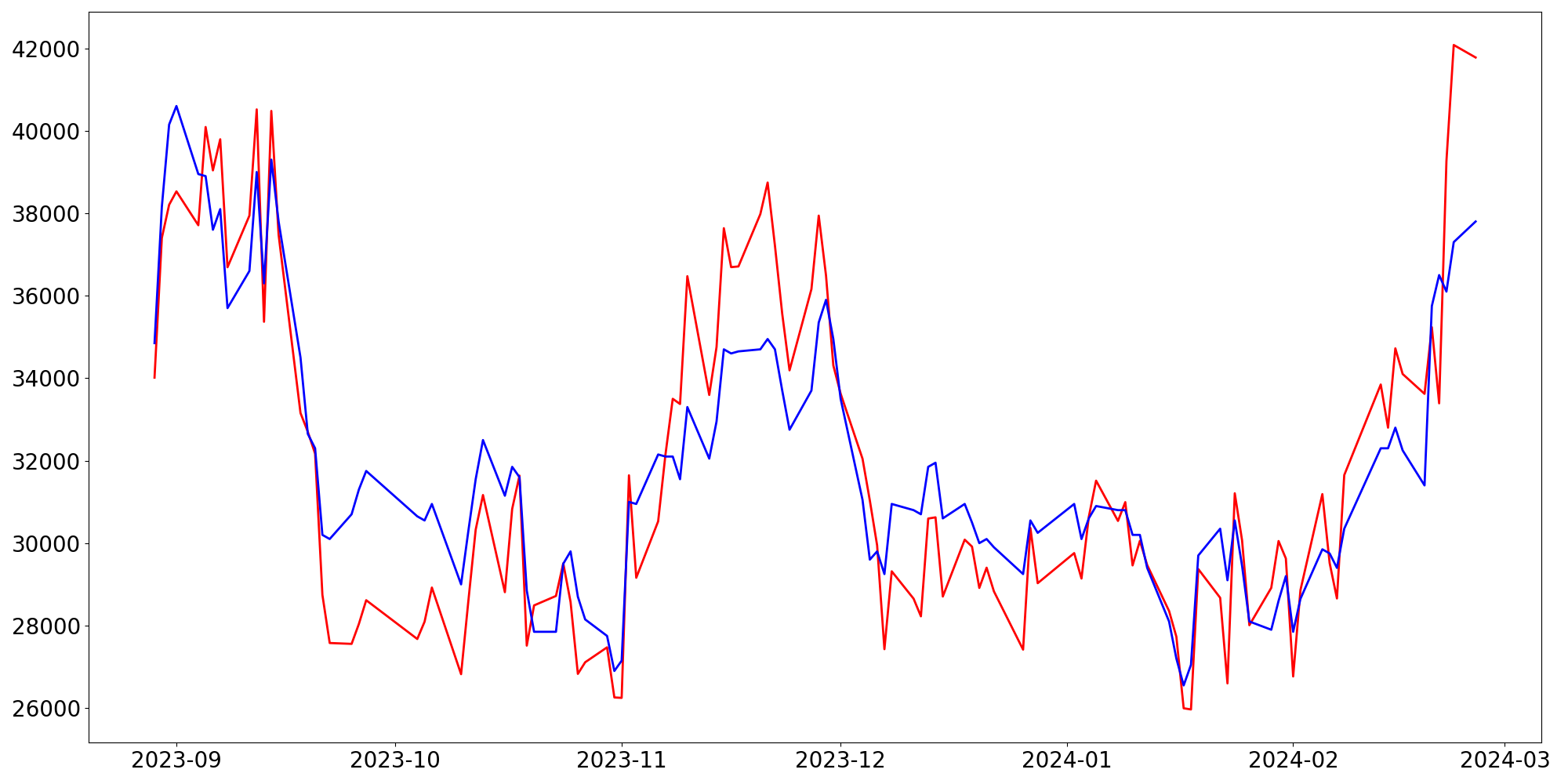 [ - : 실제값(종가) / - : 예측값(종가) ]
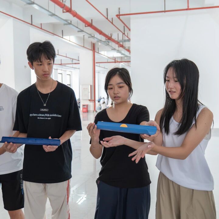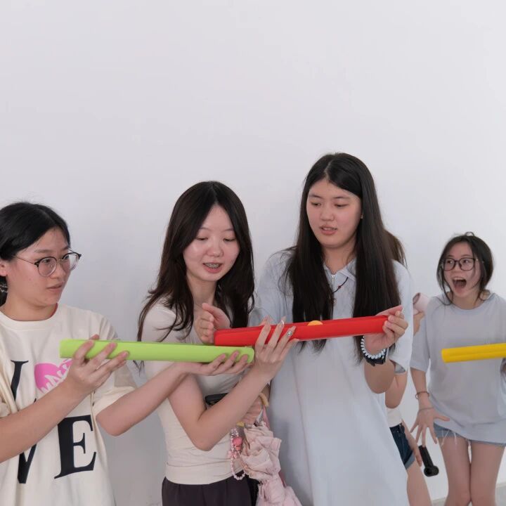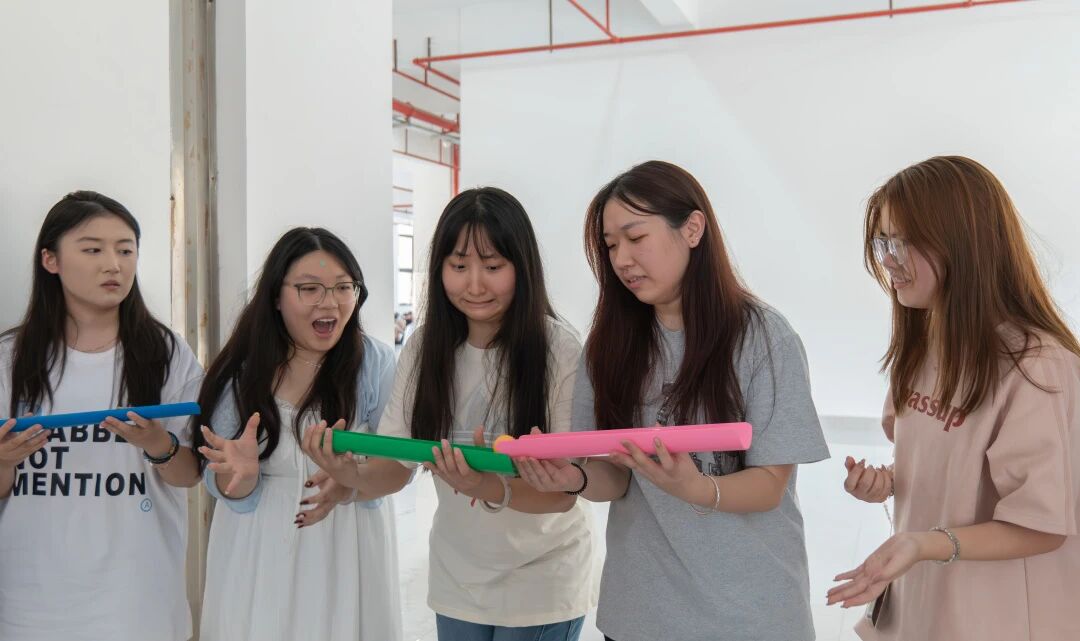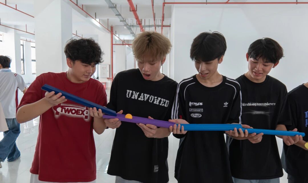 “接力运小球”游戏同样精彩。新生们分组后,每组同学手持半圆形管道,合力搭建“通道”,让小球从起点顺利“跑”到终点。过程中,大家全神贯注,相互提醒调整管道角度与间距,在团队协作中增强凝聚力,也深刻体会到默契配合的重要性。
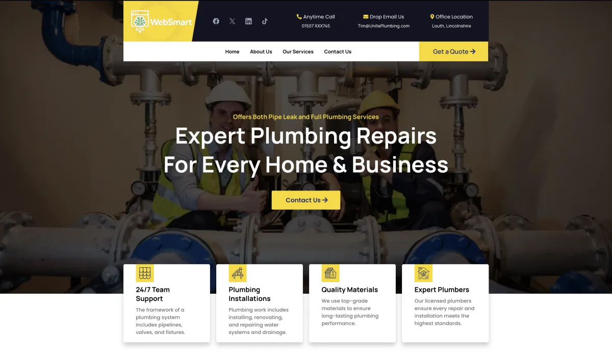 At WebSmart, we specialise in building high-performing websites and automation systems for local tradesmen and home service businesses across the UK. From plumbers and electricians to builders and cleaning companies, we help service-based businesses generate more enquiries, respond faster, and convert leads into booked jobs. Our websites are designed to look professional, build trust, and work seamlessly with smart automation that handles follow-ups, missed calls, and customer communication.
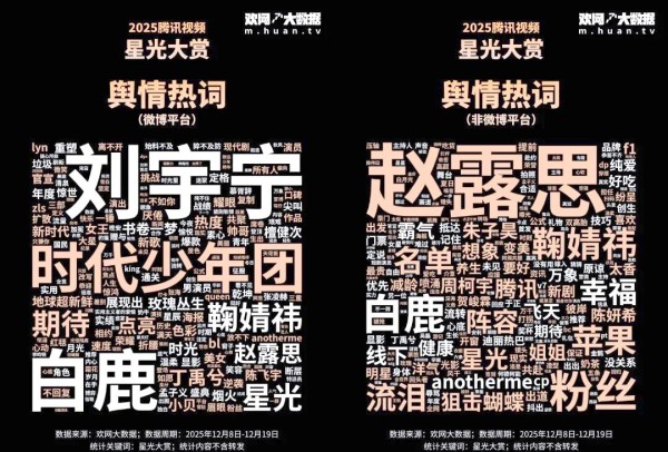 欢网大数据的多平台舆情热词报告进一步印证了这一观察。在男明星方面,除了刘宇宁外,05后的时代少年团成员在相关话题中展现出了极高的人气;而在女明星阵营中,赵露思、白鹿、鞠婧祎、孟子义等90后代表则稳坐一席之地。
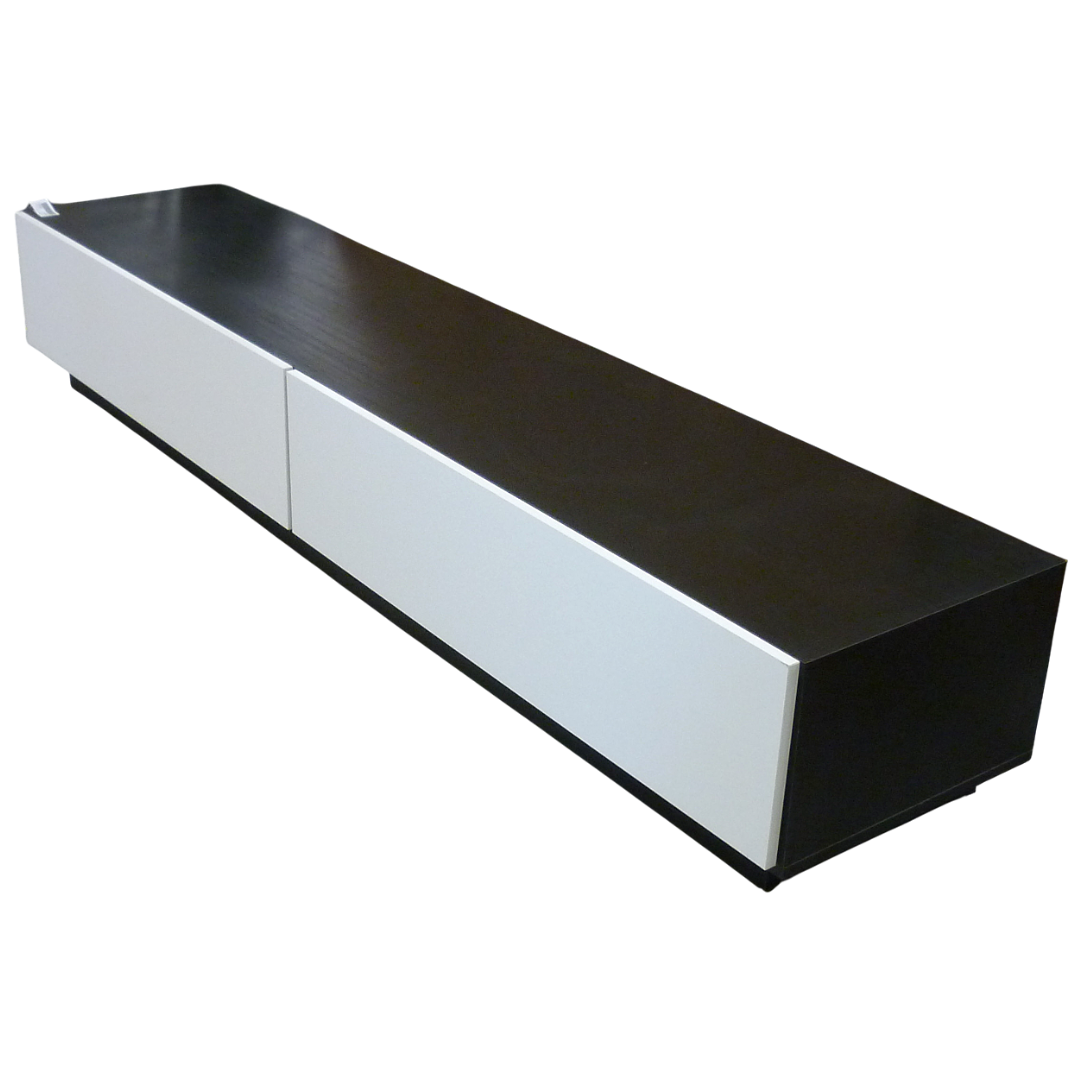 Long meuble TV noir et blanc laqué ; un coin peu visible abimé, au fond gauche en bas (voir photo)
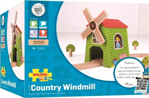 Expand your wooden railway with an interactive windmill from Bigjigs Rail. Children can drive the train through the mill and spin the moving blades, developing imagination, fine motor skills, and coordination. Compatible with most wooden train sets on the market, made from quality wood, and meets European safety standards. Train and additional accessories are not included.
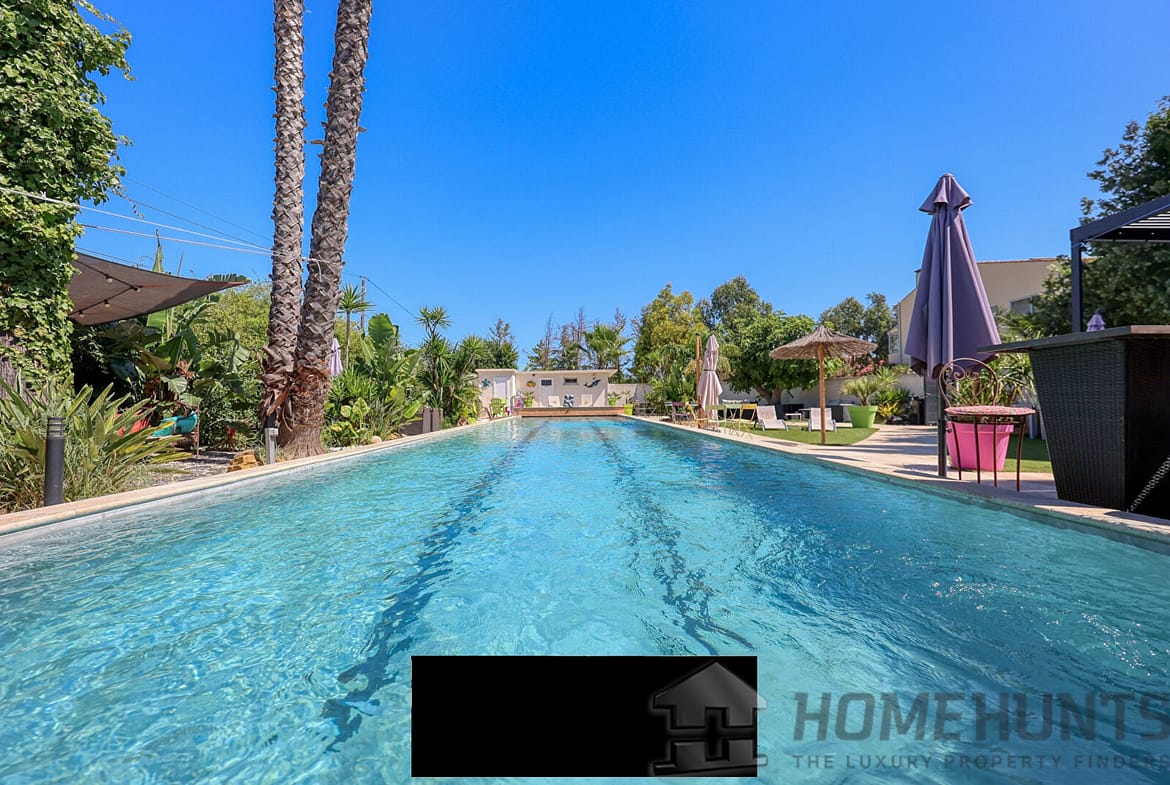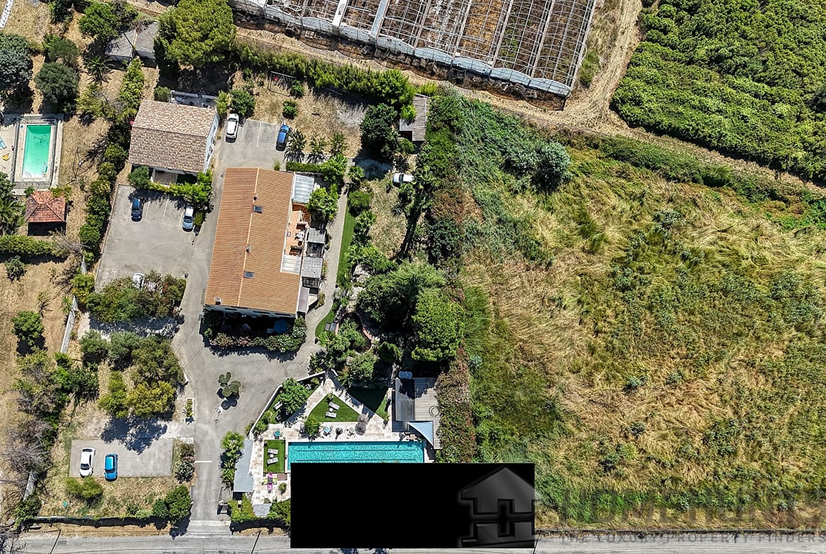 The property is already used for rentals and events, with significant development potential. The exterior offers a privileged living environment, combining nature and modern comfort. A large central swimming pool, surrounded by a solarium, lounge areas, and Mediterranean plants, creates a truly relaxing space.
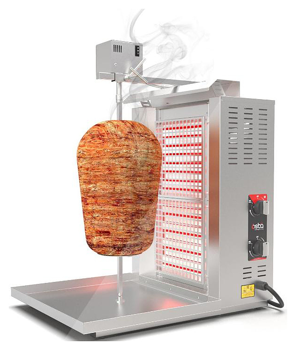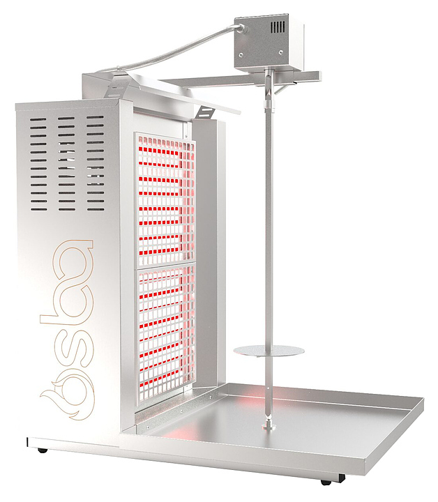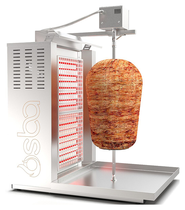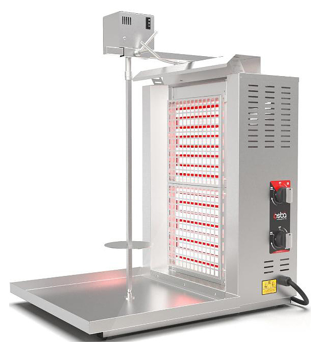 Электрический гриль Osba SH2-LE предназначен для обжарки большого количества различных видов мяса и птицы при приготовлении начинки для шаурмы, донера и других блюд на предприятиях общественного питания и торговли. Размещение на вертикальном вертеле и электрическое управление вращением обеспечивают равномерное приготовление. Модель оснащена защитным козырьком и 2 зонами нагрева, каждая из которых имеет индивидуальное управление с плавной регулировкой мощности. Перемещение вертела вперед и назад позволяет регулировать расстояние между мясом и нагревом при разном количестве заготовки. Корпус и решетка нагревателей выполнены из нержавеющей стали, которая отличается прочностью и долговечностью.
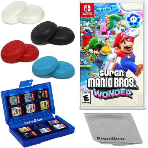 - Included is the following: Super Mario Bros. Wonder for Nintendo Switch Game, 8 pack of PremGear 4 different Colors Thumb Grips (Joystick Cap Covers Compatible with Nintendo Switch/Lite/OLED), PremGear 24 Slot Game card Case/Holder with 2 Slot MicroSD Memory Card Adapter and PremGear Quality Cleaning Cloth
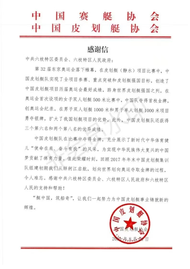2021年8月,六枝特区收到了来自中国皮划艇协会的一封感谢信。信中这样写道:“值此荣耀时刻,回顾2017年年末,中国皮划艇集训队组建初期,我们从牂牁江启航,划向世界、划向奥运夺取金牌的过程,令人难忘。感谢六枝特区党委、政府和六枝人民的支持与帮助。”
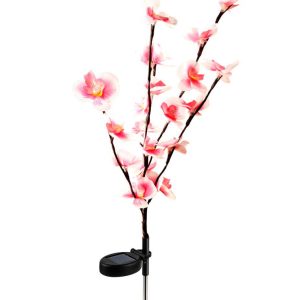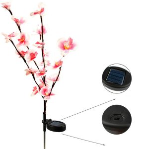 - Included: 2 solar flower lights. 2 ground spikes

Directions:
In the listing above, the required lines run from the line with "欢网大数据的多平台舆情热词报" through the line with "Электрический гриль Osba". Output exactly those lines, omitting pictures.

Written response:
 欢网大数据的多平台舆情热词报告进一步印证了这一观察。在男明星方面,除了刘宇宁外,05后的时代少年团成员在相关话题中展现出了极高的人气;而在女明星阵营中,赵露思、白鹿、鞠婧祎、孟子义等90后代表则稳坐一席之地。
 Long meuble TV noir et blanc laqué ; un coin peu visible abimé, au fond gauche en bas (voir photo)
 Expand your wooden railway with an interactive windmill from Bigjigs Rail. Children can drive the train through the mill and spin the moving blades, developing imagination, fine motor skills, and coordination. Compatible with most wooden train sets on the market, made from quality wood, and meets European safety standards. Train and additional accessories are not included.
 The property is already used for rentals and events, with significant development potential. The exterior offers a privileged living environment, combining nature and modern comfort. A large central swimming pool, surrounded by a solarium, lounge areas, and Mediterranean plants, creates a truly relaxing space.
 Электрический гриль Osba SH2-LE предназначен для обжарки большого количества различных видов мяса и птицы при приготовлении начинки для шаурмы, донера и других блюд на предприятиях общественного питания и торговли. Размещение на вертикальном вертеле и электрическое управление вращением обеспечивают равномерное приготовление. Модель оснащена защитным козырьком и 2 зонами нагрева, каждая из которых имеет индивидуальное управление с плавной регулировкой мощности. Перемещение вертела вперед и назад позволяет регулировать расстояние между мясом и нагревом при разном количестве заготовки. Корпус и решетка нагревателей выполнены из нержавеющей стали, которая отличается прочностью и долговечностью.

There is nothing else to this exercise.